PROBLEM REQUIREMENTS:
Each line below from the line with "9 | 先進(jìn)智能程控系統(tǒng),可設(shè)置檢測到金屬時輸送帶倒帶時間及距離的設(shè)定。 |" to the line with "洗手臺正對著客衛(wèi)門" must be copied exactly, including those two, and no picture may appear in the copy.

RECORD EXTRACTS:

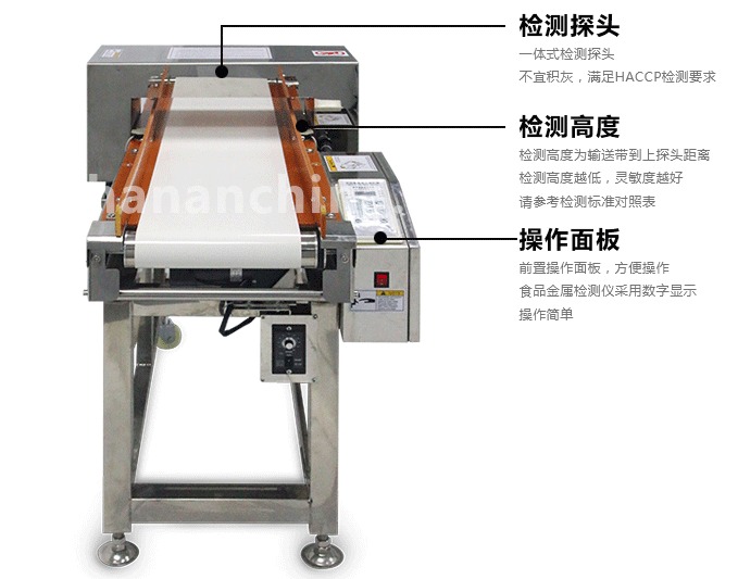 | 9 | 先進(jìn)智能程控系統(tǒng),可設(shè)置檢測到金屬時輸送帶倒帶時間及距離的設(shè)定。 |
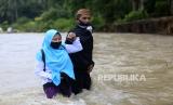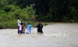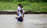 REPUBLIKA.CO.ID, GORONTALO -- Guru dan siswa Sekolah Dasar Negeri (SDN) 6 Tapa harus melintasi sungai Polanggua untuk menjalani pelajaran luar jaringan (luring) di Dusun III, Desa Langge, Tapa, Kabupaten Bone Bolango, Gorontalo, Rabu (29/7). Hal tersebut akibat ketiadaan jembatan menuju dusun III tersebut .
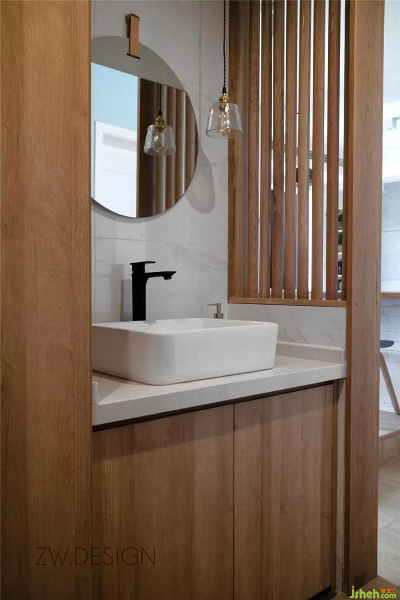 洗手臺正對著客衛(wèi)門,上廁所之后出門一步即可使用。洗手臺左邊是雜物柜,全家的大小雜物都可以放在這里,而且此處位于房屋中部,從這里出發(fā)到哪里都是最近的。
==
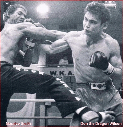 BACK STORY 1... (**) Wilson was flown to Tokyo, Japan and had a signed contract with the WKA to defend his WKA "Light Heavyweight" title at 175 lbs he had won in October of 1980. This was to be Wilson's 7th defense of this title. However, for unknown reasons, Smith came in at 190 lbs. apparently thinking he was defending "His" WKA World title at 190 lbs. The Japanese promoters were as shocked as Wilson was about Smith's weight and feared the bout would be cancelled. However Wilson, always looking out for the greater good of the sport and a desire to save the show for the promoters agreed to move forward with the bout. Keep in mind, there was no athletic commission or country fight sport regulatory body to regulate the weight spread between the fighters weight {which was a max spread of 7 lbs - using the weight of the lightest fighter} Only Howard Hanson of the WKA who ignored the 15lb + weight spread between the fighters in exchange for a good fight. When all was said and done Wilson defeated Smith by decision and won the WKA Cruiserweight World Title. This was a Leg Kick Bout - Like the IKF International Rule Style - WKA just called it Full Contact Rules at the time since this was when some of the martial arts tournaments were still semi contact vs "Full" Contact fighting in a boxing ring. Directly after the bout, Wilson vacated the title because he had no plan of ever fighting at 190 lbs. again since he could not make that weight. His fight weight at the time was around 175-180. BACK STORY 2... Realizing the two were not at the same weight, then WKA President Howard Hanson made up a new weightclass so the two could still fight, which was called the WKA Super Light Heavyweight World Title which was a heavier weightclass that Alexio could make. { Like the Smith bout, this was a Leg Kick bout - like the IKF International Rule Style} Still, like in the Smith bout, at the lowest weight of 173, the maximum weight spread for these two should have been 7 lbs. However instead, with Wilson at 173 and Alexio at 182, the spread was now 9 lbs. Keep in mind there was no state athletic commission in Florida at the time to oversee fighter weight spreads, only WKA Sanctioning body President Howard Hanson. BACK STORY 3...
---
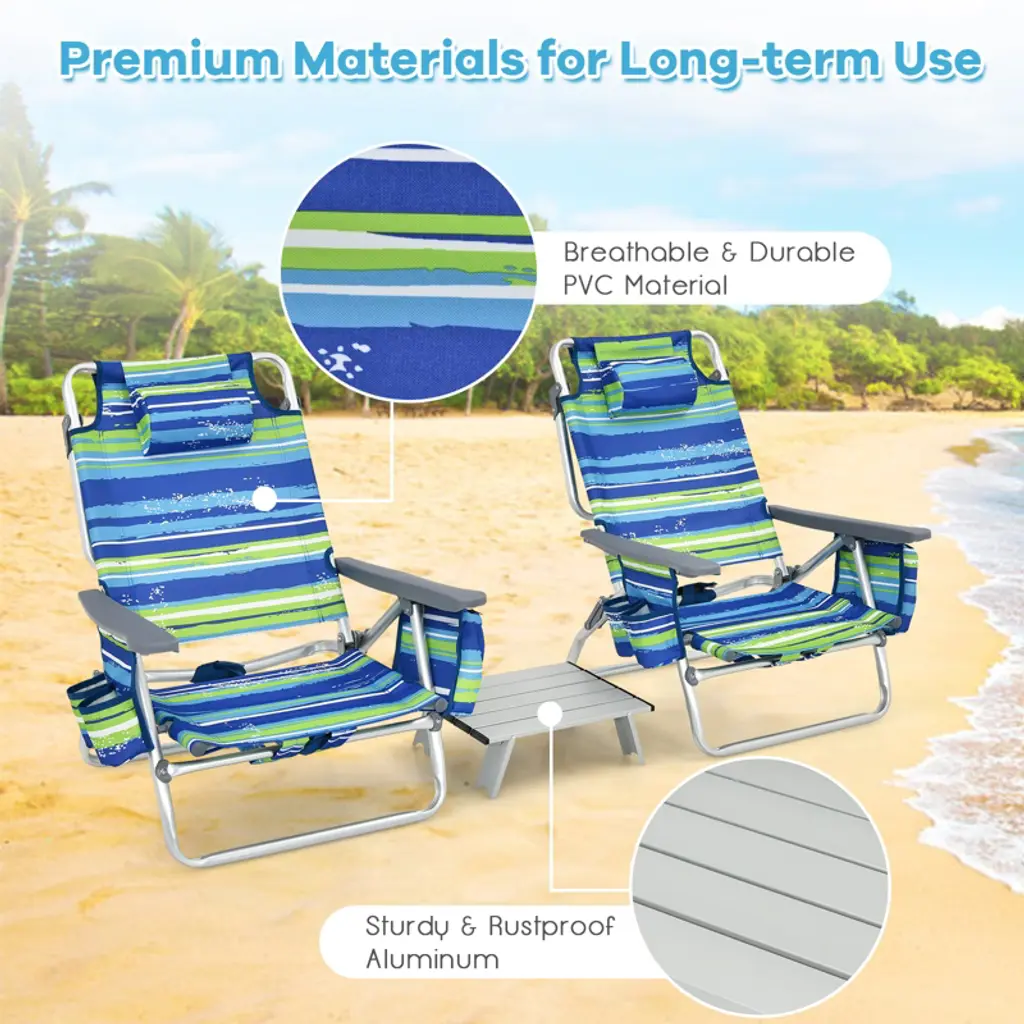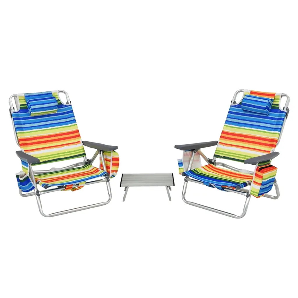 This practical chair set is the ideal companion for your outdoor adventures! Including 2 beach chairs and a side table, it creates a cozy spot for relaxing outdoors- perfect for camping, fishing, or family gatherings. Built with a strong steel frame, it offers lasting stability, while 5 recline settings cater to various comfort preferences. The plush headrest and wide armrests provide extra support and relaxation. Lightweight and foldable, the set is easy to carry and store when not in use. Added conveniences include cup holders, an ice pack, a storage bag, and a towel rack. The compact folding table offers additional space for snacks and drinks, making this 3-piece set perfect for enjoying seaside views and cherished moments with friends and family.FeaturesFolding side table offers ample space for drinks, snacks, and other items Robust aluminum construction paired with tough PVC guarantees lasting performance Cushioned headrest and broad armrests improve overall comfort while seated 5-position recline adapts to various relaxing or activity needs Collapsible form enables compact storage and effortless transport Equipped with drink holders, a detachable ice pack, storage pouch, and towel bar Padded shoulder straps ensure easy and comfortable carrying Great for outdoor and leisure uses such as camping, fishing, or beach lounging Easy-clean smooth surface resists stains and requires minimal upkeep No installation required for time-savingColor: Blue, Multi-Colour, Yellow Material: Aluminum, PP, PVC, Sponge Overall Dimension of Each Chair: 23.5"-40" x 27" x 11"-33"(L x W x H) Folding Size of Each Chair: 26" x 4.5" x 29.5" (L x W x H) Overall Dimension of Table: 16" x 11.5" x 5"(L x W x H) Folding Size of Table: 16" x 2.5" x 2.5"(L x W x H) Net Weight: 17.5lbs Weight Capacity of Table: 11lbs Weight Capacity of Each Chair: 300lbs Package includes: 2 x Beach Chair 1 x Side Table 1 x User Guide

TASK ANSWER:
 | 9 | 先進(jìn)智能程控系統(tǒng),可設(shè)置檢測到金屬時輸送帶倒帶時間及距離的設(shè)定。 |
 REPUBLIKA.CO.ID, GORONTALO -- Guru dan siswa Sekolah Dasar Negeri (SDN) 6 Tapa harus melintasi sungai Polanggua untuk menjalani pelajaran luar jaringan (luring) di Dusun III, Desa Langge, Tapa, Kabupaten Bone Bolango, Gorontalo, Rabu (29/7). Hal tersebut akibat ketiadaan jembatan menuju dusun III tersebut .
 洗手臺正對著客衛(wèi)門,上廁所之后出門一步即可使用。洗手臺左邊是雜物柜,全家的大小雜物都可以放在這里,而且此處位于房屋中部,從這里出發(fā)到哪里都是最近的。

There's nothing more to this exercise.